The Court of Appeal also rejected Hill's argument that the jury's finding of "no negligence" rendered the entire indemnity clause, including the defense provision, inapplicable. The Court of Appeal explained that requiring a finding of negligence before a duty to defend would render meaningless the defense obligation and contravene Civil Code section 2778 and the Supreme Court's holding in Crawford.
The Court of Appeal also rejected Hill's argument that Crawford should not apply retroactively because Hill reasonably relied on the state of the law existing at the time it rejected UDC's tender. Specifically, Hill argued that it relied on the case Regan Roofing v. Superior Court (1994) 24 Cal.App.4th 425. The Court of Appeal found that Hill's interpretation of the previous state of the law was not reasonable. Civil Code section 2778, unchanged since 1872, contemplated a defense by the indemnitor before resolution of the substantive issue of liability.

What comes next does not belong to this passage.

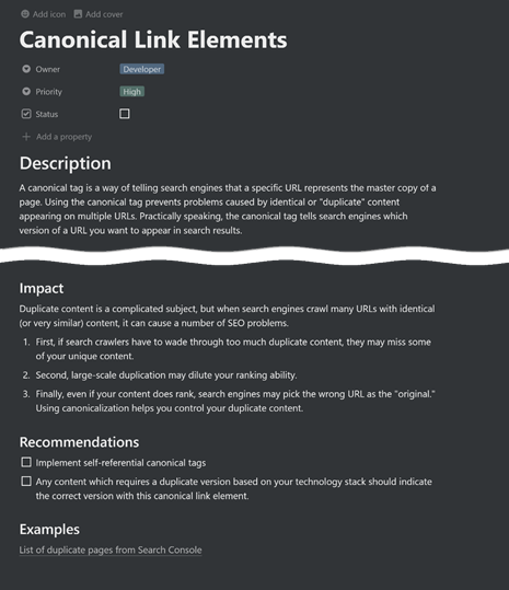 Technical SEO recommendations will impact a wide range of teams across your organization, from developers to content teams and more. If your teams are currently barely keeping up with a two-year backlog of issues, adding fresh Technical SEO recommendations will probably never see the light of day.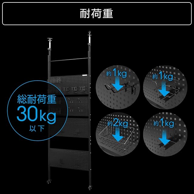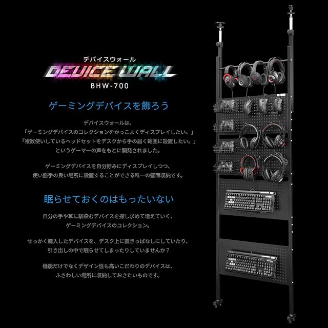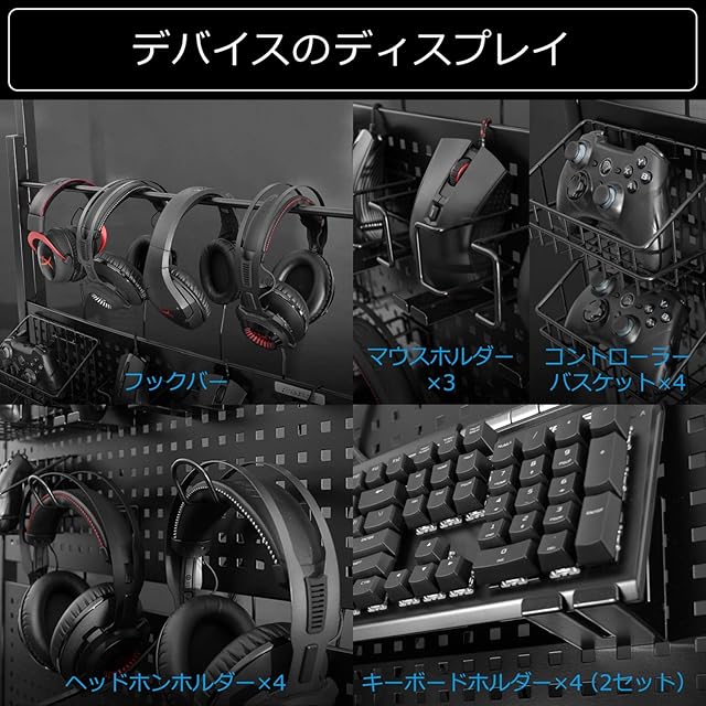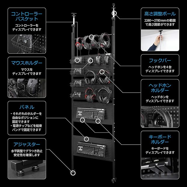 【スペック】サイズ:幅70×奥行10×高さ228~278cm / 耐荷重:30kg(バスケット:2kg、各種ホルダー:1kg) / 付属品:マウスホルダー*3、コントローラーバスケット*4、ヘッドホンホルダー*4、キーボードホルダー*4 / 材質:金属(スチール)

Thus, any assumption by Hill that Regan Roofing represented established law when it rejected the tender was not reasonable. Additionally, contrary appellate authority had held that a finding of negligence was not required before the indemnitor's defense obligation was triggered.
The Court of Appeal rejected Hill's argument that the contract was illegal because UDC lacked the required contractor's license when it entered into the contract. The Business and Professions Code section 7031 bars all actions for "compensation" for illegal unlicensed contract work. Here, UDC, was not seeking compensation for its services, but rather indemnity for the damages it had to pay the HOA due to alleged defects in work for which it believed Hill was responsible.
Lastly, Hill appealed the trial court's post-judgment order denying it attorney's fees and costs due to UDC's failure to file a certificate of merit before it filed its cross-complaint against Hill. The Court of Appeal affirmed, finding that the sanctions for failure to file a certificate of merit were discretionary, and that Hill simply did not establish that it incurred expenses that were attributable to Hill's failure to file a statutory certificate.